Retype the opening lines of the listing below, ending with the line that contains "Чеснок почистите и", and leave out any pictures.

● Dataset content
"""

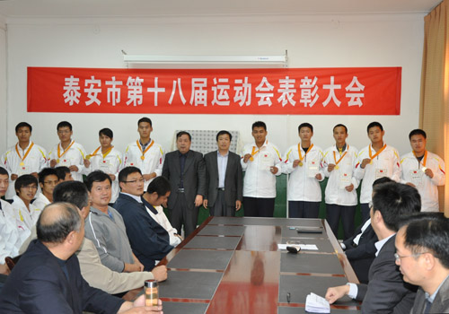 10月14日,校区(学院)召开会议,表彰在泰安市第十八届运动会上获奖的校区(学院)运动员。校区(学院)管委会副主任(副院长)王以功,基础课部党总支书记胡灿新,基础课部主任刘然慧,体委办公室主任石玉龙出席了大会。会议由校区(学院)学生处处长宋传文主持。
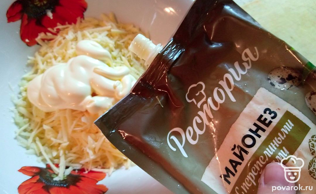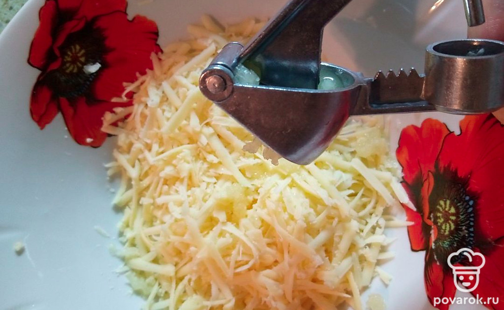 Чеснок почистите и пропустите через пресс. Соедините с сыром.
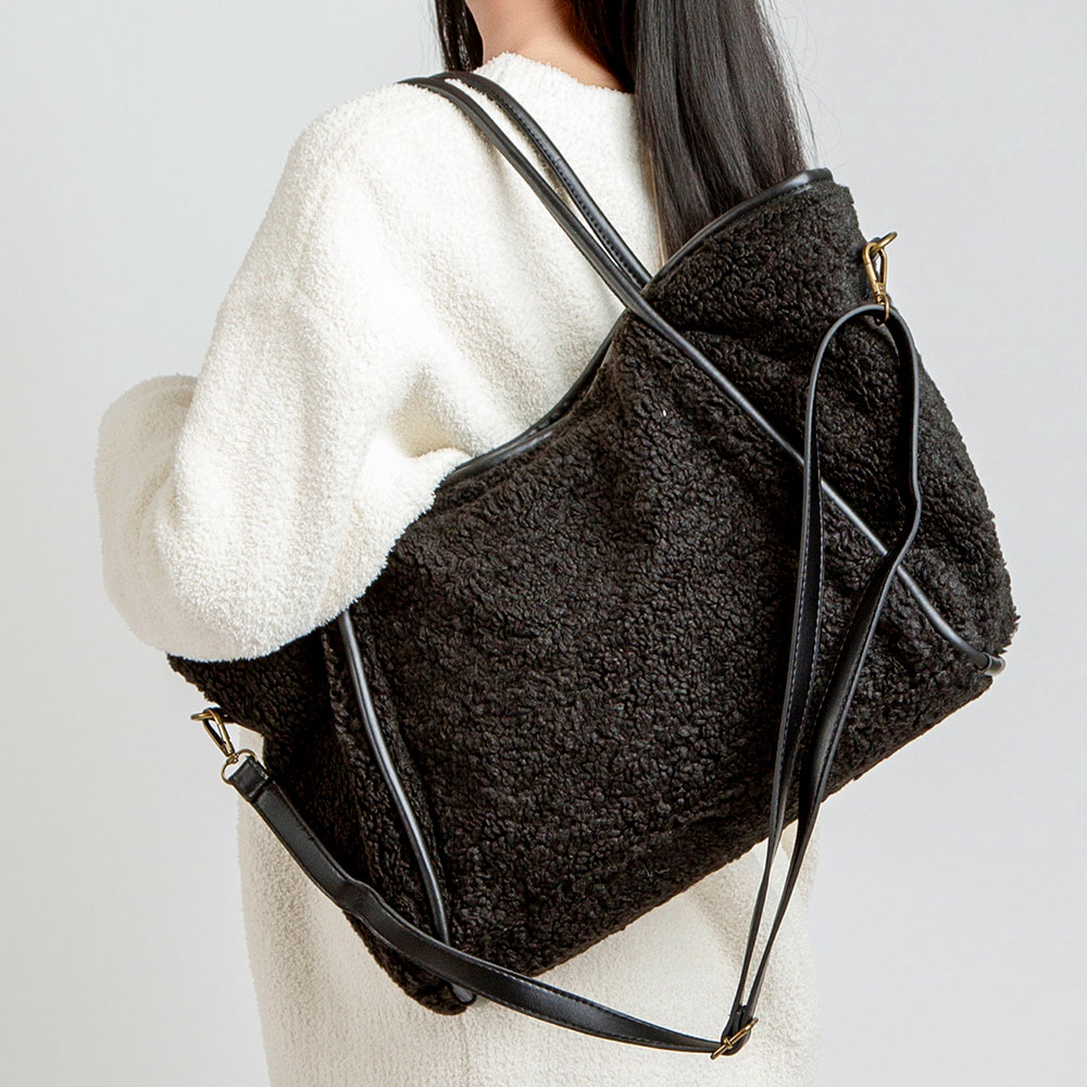 Details • Size : 20.5" X 12" X 4" • One Inside Zipper Pocket • Two Inside Slip Pockets • Zipper Closure • Material : 100% Polyester • This textured tote bag combines cozy style with everyday function. Featuring dual handles and a detachable shoulder strap, it offers versatile carrying options. Spacious interior makes it perfect for daily use, travel, or work while keeping essentials organized in style.

"""

● Worked solution
 10月14日,校区(学院)召开会议,表彰在泰安市第十八届运动会上获奖的校区(学院)运动员。校区(学院)管委会副主任(副院长)王以功,基础课部党总支书记胡灿新,基础课部主任刘然慧,体委办公室主任石玉龙出席了大会。会议由校区(学院)学生处处长宋传文主持。
 Чеснок почистите и пропустите через пресс. Соедините с сыром.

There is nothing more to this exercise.